▸ Requirement: Return exactly the lines below, starting with the one that has "- 4 oscillators" and going on through the one that has "Photo Caption : Senior".

───── Exercise input ─────

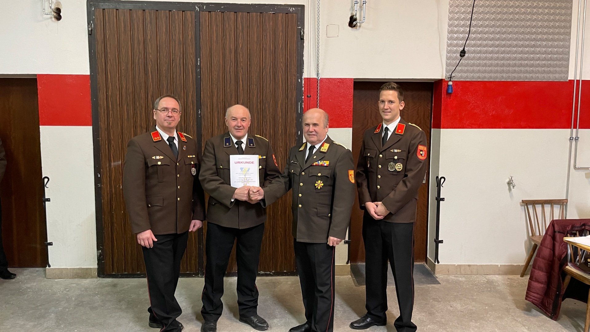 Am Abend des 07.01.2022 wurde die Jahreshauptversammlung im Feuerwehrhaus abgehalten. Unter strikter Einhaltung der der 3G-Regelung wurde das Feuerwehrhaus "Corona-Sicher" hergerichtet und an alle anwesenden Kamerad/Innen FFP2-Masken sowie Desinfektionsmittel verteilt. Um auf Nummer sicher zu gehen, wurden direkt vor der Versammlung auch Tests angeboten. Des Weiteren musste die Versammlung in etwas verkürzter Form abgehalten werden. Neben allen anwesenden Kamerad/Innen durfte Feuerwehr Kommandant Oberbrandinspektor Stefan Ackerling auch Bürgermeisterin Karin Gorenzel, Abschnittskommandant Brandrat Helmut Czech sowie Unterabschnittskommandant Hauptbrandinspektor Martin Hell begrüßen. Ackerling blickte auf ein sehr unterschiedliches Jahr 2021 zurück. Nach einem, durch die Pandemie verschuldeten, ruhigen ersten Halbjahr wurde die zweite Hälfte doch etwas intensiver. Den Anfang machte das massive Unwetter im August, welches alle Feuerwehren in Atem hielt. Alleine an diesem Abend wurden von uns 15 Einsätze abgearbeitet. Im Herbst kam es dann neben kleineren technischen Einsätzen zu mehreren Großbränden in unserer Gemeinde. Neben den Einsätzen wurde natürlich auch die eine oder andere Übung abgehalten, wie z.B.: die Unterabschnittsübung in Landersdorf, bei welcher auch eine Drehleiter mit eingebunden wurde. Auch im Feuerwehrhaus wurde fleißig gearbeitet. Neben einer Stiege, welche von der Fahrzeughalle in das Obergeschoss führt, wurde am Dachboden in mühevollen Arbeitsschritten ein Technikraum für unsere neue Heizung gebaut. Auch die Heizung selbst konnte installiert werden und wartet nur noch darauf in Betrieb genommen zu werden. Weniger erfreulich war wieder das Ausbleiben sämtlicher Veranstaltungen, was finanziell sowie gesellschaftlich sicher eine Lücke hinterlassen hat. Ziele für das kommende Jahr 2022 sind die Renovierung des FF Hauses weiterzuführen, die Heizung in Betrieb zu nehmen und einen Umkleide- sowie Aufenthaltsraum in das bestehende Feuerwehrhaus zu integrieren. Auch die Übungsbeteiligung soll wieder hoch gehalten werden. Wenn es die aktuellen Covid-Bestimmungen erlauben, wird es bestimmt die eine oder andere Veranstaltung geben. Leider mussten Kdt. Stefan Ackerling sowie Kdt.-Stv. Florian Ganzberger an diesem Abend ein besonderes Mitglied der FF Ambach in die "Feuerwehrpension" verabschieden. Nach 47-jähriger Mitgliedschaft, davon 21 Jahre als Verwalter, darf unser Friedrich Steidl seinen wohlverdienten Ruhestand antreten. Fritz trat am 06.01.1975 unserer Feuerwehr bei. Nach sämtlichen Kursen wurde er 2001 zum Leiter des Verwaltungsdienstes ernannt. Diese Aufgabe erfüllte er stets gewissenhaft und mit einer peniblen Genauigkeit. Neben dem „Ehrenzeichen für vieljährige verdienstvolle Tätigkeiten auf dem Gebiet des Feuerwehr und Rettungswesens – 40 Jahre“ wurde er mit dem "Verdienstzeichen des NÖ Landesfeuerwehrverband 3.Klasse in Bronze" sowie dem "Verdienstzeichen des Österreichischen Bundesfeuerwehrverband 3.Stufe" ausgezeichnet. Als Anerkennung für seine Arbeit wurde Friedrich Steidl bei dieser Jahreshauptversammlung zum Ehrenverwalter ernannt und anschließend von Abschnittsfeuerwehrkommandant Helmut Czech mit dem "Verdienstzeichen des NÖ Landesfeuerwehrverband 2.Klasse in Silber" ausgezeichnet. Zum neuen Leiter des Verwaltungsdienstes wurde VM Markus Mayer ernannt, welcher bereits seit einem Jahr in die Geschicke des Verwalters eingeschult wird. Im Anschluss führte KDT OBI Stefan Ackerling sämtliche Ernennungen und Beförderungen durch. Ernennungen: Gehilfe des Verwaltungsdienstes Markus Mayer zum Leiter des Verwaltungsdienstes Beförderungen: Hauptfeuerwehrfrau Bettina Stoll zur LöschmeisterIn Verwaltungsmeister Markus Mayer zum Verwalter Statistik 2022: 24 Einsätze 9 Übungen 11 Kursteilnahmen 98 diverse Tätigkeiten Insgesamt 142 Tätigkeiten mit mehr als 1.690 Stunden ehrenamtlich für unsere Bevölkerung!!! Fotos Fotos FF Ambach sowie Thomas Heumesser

─────
───── Exercise input ─────

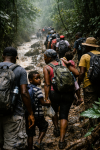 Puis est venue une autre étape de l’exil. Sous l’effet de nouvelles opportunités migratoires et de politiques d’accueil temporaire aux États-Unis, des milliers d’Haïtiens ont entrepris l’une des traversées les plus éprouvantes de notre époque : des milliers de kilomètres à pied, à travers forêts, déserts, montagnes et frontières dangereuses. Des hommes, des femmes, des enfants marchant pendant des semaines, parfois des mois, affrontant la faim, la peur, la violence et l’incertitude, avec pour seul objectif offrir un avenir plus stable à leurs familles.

─────
───── Exercise input ─────

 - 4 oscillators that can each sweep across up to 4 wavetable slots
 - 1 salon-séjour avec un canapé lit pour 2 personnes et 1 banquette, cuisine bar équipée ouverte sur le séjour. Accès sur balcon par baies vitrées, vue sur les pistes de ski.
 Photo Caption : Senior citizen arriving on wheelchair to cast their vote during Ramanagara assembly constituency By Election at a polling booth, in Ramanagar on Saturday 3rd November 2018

─────

▸ Response to the exercise:
 - 4 oscillators that can each sweep across up to 4 wavetable slots
 - 1 salon-séjour avec un canapé lit pour 2 personnes et 1 banquette, cuisine bar équipée ouverte sur le séjour. Accès sur balcon par baies vitrées, vue sur les pistes de ski.
 Photo Caption : Senior citizen arriving on wheelchair to cast their vote during Ramanagara assembly constituency By Election at a polling booth, in Ramanagar on Saturday 3rd November 2018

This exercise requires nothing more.